**Exercise aim**: Please copy, word for word, the line holding "Imagen donde se" and each line that follows it through the end of the entries, omitting any pictures.

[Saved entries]
***

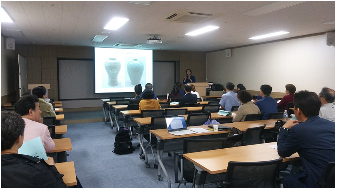
지난 5월 29일 '2018 인천시민대학' 강좌 모습

이 글은 2018년 5월 29일 인천시민대학에서 열린 '2018 인천시민대학' 강좌의 모습입니다. 이날은 1100여명의 시민들이 참여한 가운데, '2018 인천시민대학'의 일환으로 '2018 인천시민대학' 강좌가 진행되었습니다. 이날은 1100여명의 시민들이 참여한 가운데, '2018 인천시민대학' 강좌가 진행되었습니다. 이날은 1100여명의 시민들이 참여한 가운데, '2018 인천시민대학' 강좌가 진행되었습니다.
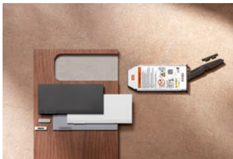
Regolazione della base forza dal lato anteriore
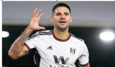
Sârbul Aleksandar Mitrovic este principala gură de foc a lui Fulham

Mikel Arteta este aproape de a readuce titlul pe Emirates Stadium după o pauză de 19 ani, însă, până să-și atingă obiectivul, trebuie să mai treacă peste câteva hopuri. Unul dintre
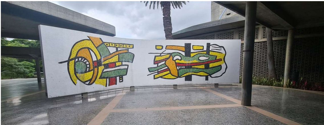
Väggmosaik från universitetsområdet i Caracas (för övrigt utnämnt av UNESCO som världsarv)

Klimatet i Caracas är behagligt. Staden ligger i en dal några mil från kusten på cirka 1000 meters höjd vilket säkerställer en jämn temperatur runt 25 grader hela året.
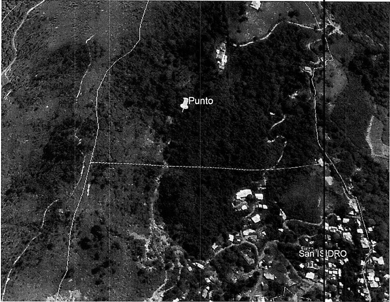
Imagen donde se muestra la ubicación del punto según coordenadas de los oficios

Corporación Autónoma Regional del Valle del Cauca
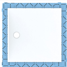
Obrázek s příkladem

***

**Exercise output**:
Imagen donde se muestra la ubicación del punto según coordenadas de los oficios

Corporación Autónoma Regional del Valle del Cauca
Obrázek s příkladem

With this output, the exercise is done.